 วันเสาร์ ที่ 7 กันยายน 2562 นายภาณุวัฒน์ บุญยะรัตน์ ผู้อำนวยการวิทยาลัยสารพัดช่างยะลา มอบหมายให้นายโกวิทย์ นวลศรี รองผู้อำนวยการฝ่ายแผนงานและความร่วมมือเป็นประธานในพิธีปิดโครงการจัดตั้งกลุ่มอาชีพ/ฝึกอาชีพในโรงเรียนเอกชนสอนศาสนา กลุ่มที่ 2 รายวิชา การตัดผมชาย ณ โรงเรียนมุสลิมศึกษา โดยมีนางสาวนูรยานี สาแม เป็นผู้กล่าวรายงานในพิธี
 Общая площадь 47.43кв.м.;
==
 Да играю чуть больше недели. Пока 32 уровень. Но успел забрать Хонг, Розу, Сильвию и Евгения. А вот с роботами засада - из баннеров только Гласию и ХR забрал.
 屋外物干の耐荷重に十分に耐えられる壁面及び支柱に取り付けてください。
...
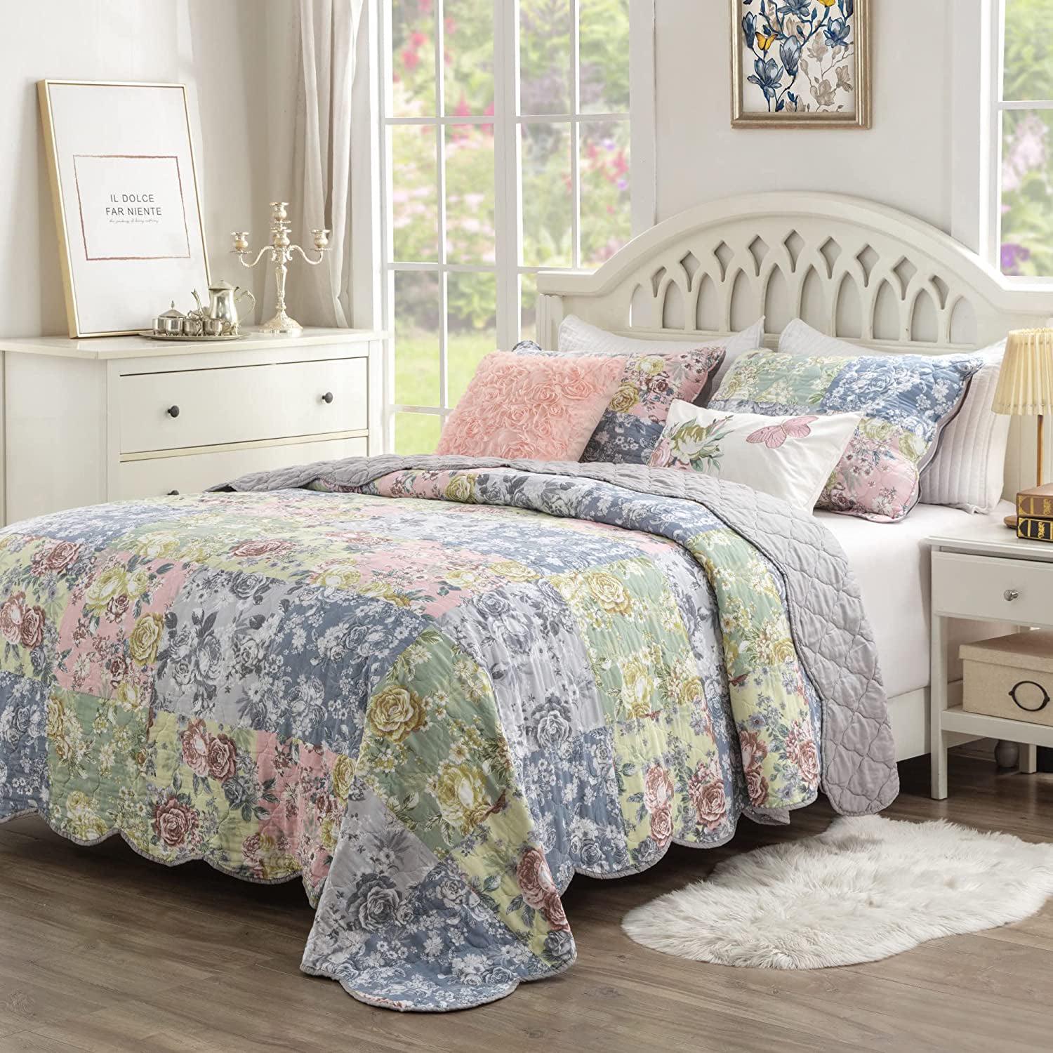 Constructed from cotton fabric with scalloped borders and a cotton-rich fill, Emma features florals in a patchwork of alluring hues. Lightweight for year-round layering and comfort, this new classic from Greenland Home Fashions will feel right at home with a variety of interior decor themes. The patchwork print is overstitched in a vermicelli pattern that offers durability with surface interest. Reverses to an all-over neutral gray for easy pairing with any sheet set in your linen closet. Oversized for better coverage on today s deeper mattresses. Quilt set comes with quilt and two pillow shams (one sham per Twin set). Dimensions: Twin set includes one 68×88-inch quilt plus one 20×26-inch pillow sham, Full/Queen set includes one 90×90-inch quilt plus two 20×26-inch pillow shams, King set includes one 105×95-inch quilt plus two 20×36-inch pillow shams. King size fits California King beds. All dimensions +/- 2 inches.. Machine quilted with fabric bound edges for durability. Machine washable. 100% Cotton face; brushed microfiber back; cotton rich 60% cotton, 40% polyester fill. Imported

• [ASSIGNMENT] Above is a listing; print exactly its lines from the one with "วันเสาร์ ที่ 7" through the one with "Общая площадь 47.43кв.м.;", and no other lines.

• [ANSWER TO THE EXERCISE]
 วันเสาร์ ที่ 7 กันยายน 2562 นายภาณุวัฒน์ บุญยะรัตน์ ผู้อำนวยการวิทยาลัยสารพัดช่างยะลา มอบหมายให้นายโกวิทย์ นวลศรี รองผู้อำนวยการฝ่ายแผนงานและความร่วมมือเป็นประธานในพิธีปิดโครงการจัดตั้งกลุ่มอาชีพ/ฝึกอาชีพในโรงเรียนเอกชนสอนศาสนา กลุ่มที่ 2 รายวิชา การตัดผมชาย ณ โรงเรียนมุสลิมศึกษา โดยมีนางสาวนูรยานี สาแม เป็นผู้กล่าวรายงานในพิธี
 Общая площадь 47.43кв.м.;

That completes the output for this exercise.